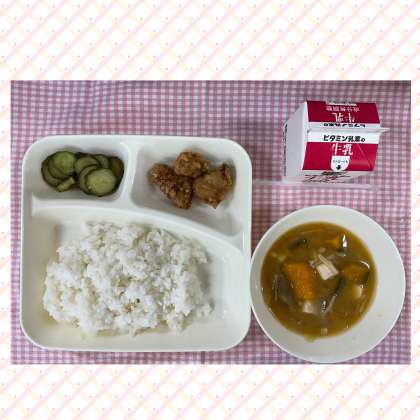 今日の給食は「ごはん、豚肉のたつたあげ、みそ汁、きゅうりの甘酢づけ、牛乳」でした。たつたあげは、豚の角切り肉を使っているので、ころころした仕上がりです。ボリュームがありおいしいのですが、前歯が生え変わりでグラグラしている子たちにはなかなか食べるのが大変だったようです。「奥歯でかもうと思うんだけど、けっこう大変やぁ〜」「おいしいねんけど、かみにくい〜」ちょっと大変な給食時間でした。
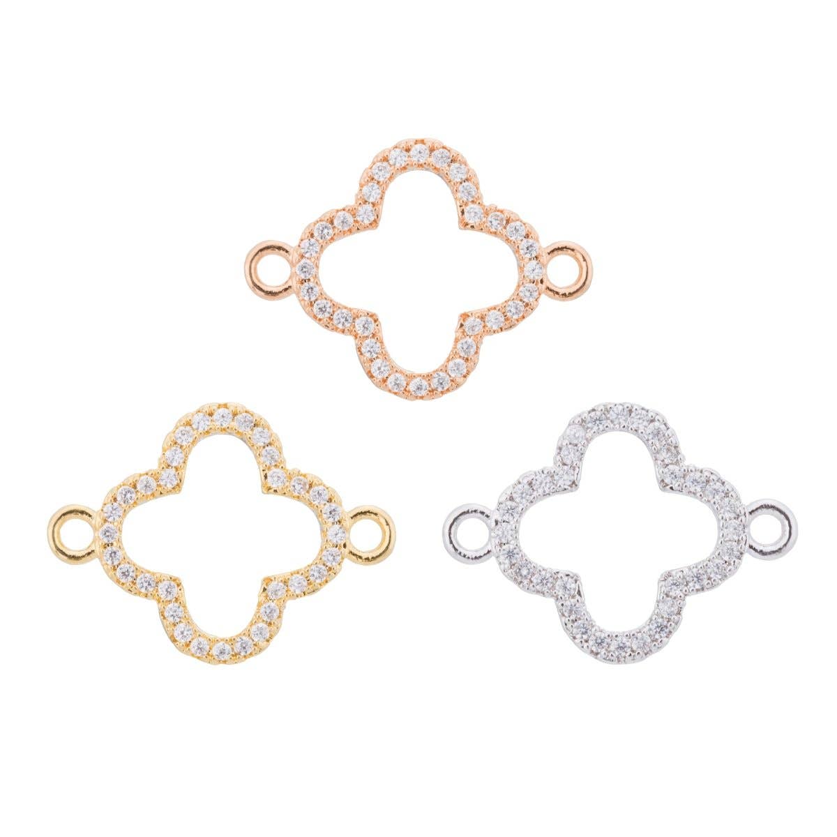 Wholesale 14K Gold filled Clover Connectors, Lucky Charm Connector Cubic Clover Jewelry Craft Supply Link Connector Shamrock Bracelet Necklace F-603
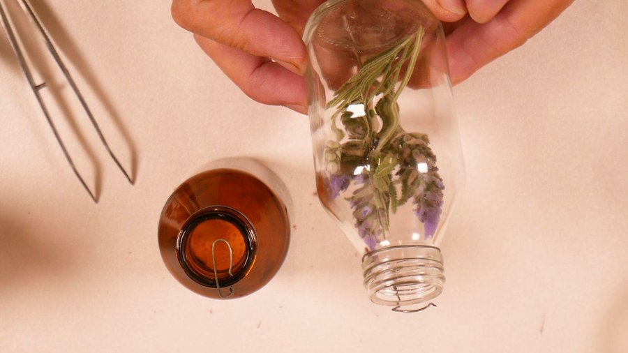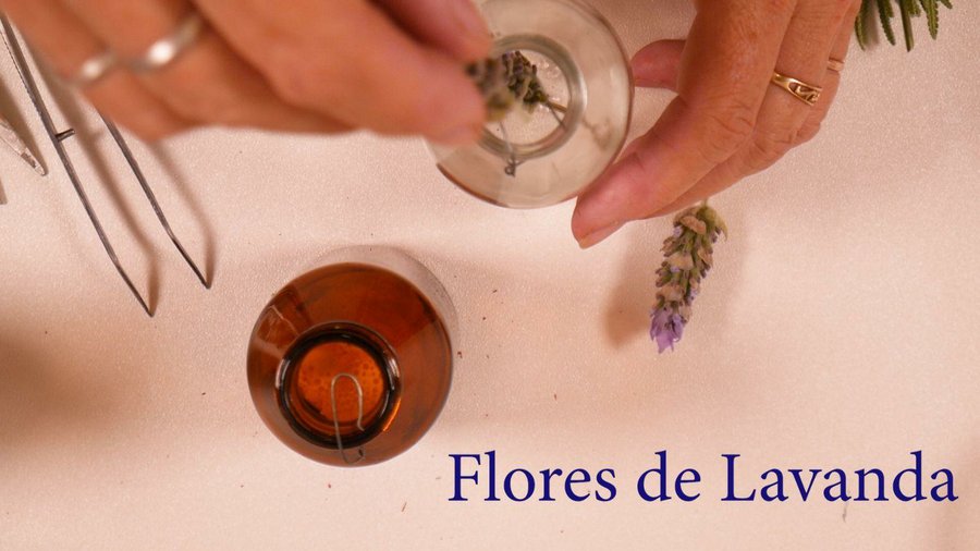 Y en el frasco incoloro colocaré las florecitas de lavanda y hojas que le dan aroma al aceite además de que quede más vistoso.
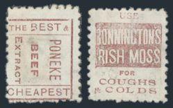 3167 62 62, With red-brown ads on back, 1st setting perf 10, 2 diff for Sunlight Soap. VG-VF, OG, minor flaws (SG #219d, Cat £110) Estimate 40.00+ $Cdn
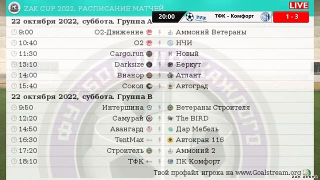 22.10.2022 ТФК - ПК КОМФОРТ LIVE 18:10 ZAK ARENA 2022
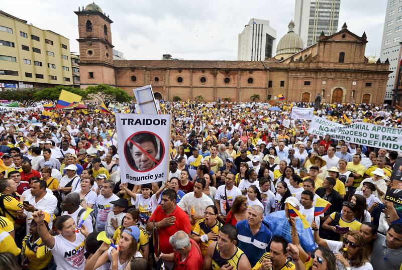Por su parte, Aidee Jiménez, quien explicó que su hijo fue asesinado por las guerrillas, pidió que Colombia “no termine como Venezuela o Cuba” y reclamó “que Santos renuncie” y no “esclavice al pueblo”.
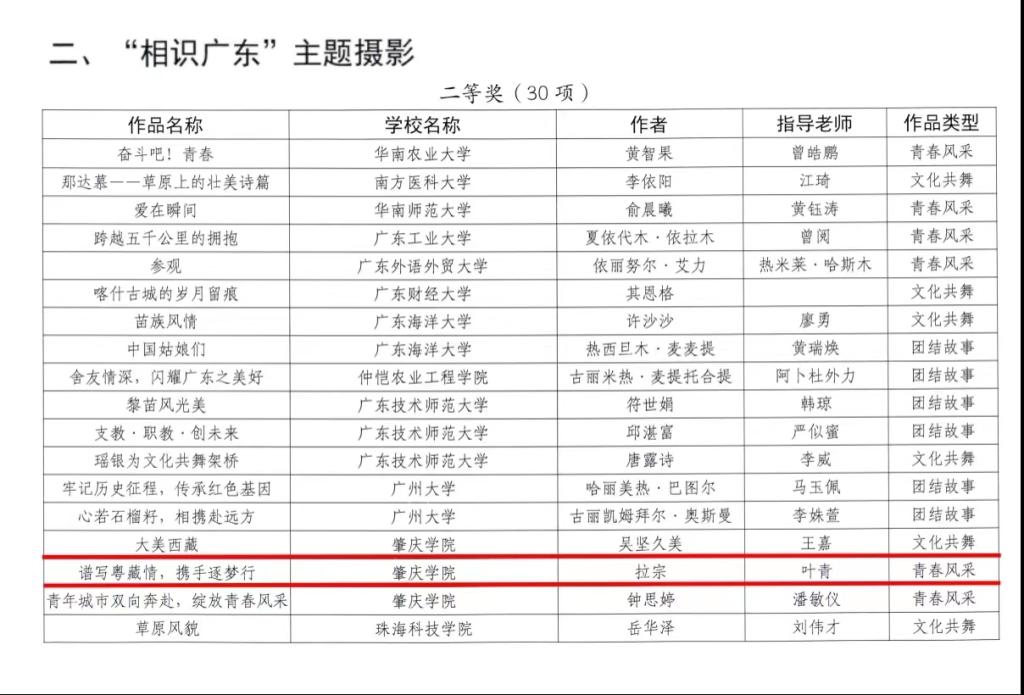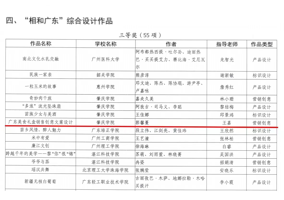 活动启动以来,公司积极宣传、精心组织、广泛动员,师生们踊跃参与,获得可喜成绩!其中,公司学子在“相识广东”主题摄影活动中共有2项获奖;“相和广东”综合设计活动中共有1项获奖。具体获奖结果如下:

### Task objective:
No pictures belong in the copy. Return exactly the lines from the line containing "Por su parte, Aidee" through the last line of the listing.

### Result:
Por su parte, Aidee Jiménez, quien explicó que su hijo fue asesinado por las guerrillas, pidió que Colombia “no termine como Venezuela o Cuba” y reclamó “que Santos renuncie” y no “esclavice al pueblo”.
 活动启动以来,公司积极宣传、精心组织、广泛动员,师生们踊跃参与,获得可喜成绩!其中,公司学子在“相识广东”主题摄影活动中共有2项获奖;“相和广东”综合设计活动中共有1项获奖。具体获奖结果如下:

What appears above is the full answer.